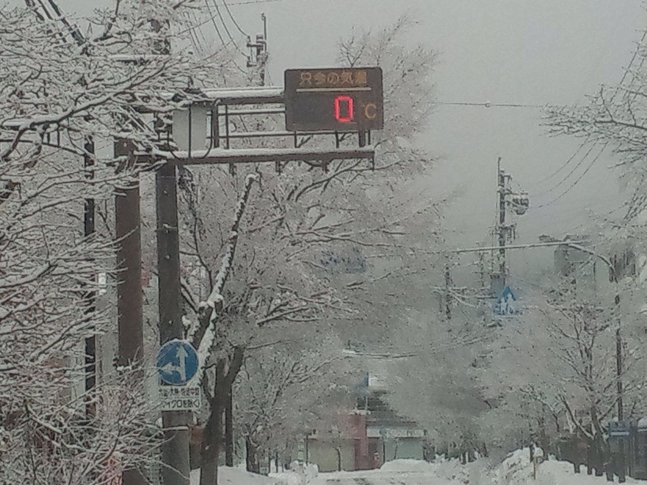 今朝の軽井沢の気温は0℃、天気は雪が止んできました。積雪は2~3サンセンチ?くらいです。
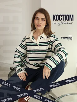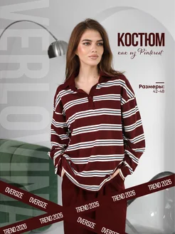 Костюм с брюками в полоску трикотажный повседневный зимний
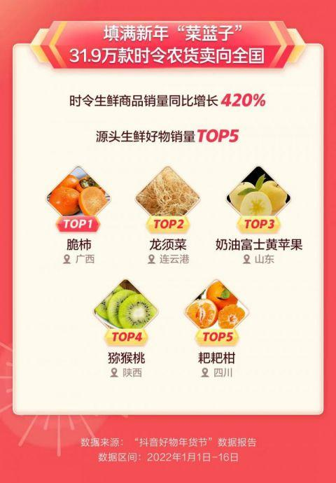 抖音则抖音围绕“国潮出新,年味到家”的主题,推出了“壬寅迎新”“匠心年味”“国货好礼”“源头特产”四个版块,同时还特设了“家乡年货节”专场。其相关数据显示,在年货节期间,抖音电商上线了31.9万款时令农货,生鲜类农特产销量同比增长420%。
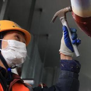 12月16日,中鐵五局建設者在貴陽(yáng)軌道交通三號線(xiàn)東風(fēng)鎮站內切割鋼材。
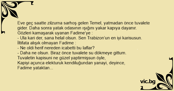 - Daha ne olsun. Biraz önce tuvalete su dökmeye gittum.
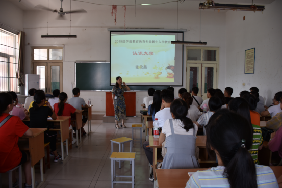 为了让19级新生充分认识和了解师范学院,了解大学生活和学习的特点,帮助学生认识自我和树立信心,我院于9月9号下午在教学楼415进行新生入学教育之学前教育专业讲座。本次讲座由学前教育教研室主任张俊燕副教授担任主讲人,19级学前教育专业全体同学参加了此次讲座。
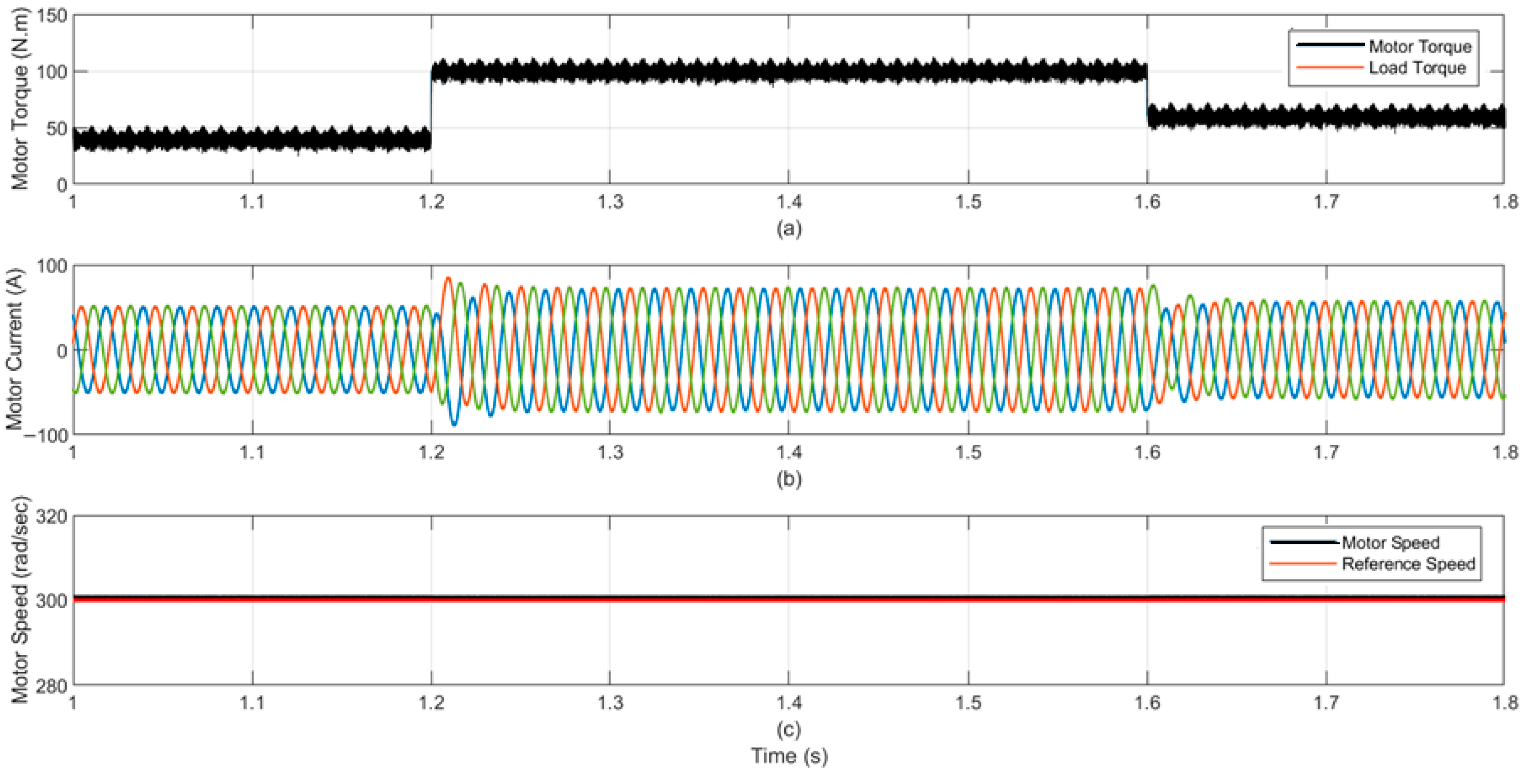 Figure 6, examined the system’s performance during step changes in load torque. At t = 0.5 s, the load torque abruptly increased from 0 N.m to 80 N.m. Then, at t = 1.2 s, it stepped down to 20 N.m. Test 2, detailed in
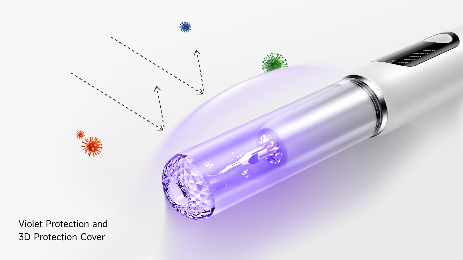 Sensitive Mode(<28dB): Gentle and quiet. Orthodontic Mode (3D Vibration Vector): Effective cleaning for braces Implant Mode (Specific Frequencies): Optimized for dental implants. Whitening Mode (40um Microbubble Burst): Brightens teeth with microbubbles. Deep Clean Mode (42kHz Ultrasound): Intensive clean with medical-grade ultrasound. The 3D protection cover can reduce bacterial growth. When the device is charging, the purple light mode automatically turns on. Continuous exposure to the purple light cleans the head of the cleaner, effectively inhibiting the growth of bacteria. This builds a strong defense line for the oral environment and gives you peace of mind while cleaning your teeth.

_REQUIRED WORK_: What you give back should be exactly the lines from the line holding "为了让19级新生充分认识和了" through the final line of the material, both ends included, and please leave out the pictures.

_RESPONSE TO THIS TASK_:
 为了让19级新生充分认识和了解师范学院,了解大学生活和学习的特点,帮助学生认识自我和树立信心,我院于9月9号下午在教学楼415进行新生入学教育之学前教育专业讲座。本次讲座由学前教育教研室主任张俊燕副教授担任主讲人,19级学前教育专业全体同学参加了此次讲座。
 Figure 6, examined the system’s performance during step changes in load torque. At t = 0.5 s, the load torque abruptly increased from 0 N.m to 80 N.m. Then, at t = 1.2 s, it stepped down to 20 N.m. Test 2, detailed in
 Sensitive Mode(<28dB): Gentle and quiet. Orthodontic Mode (3D Vibration Vector): Effective cleaning for braces Implant Mode (Specific Frequencies): Optimized for dental implants. Whitening Mode (40um Microbubble Burst): Brightens teeth with microbubbles. Deep Clean Mode (42kHz Ultrasound): Intensive clean with medical-grade ultrasound. The 3D protection cover can reduce bacterial growth. When the device is charging, the purple light mode automatically turns on. Continuous exposure to the purple light cleans the head of the cleaner, effectively inhibiting the growth of bacteria. This builds a strong defense line for the oral environment and gives you peace of mind while cleaning your teeth.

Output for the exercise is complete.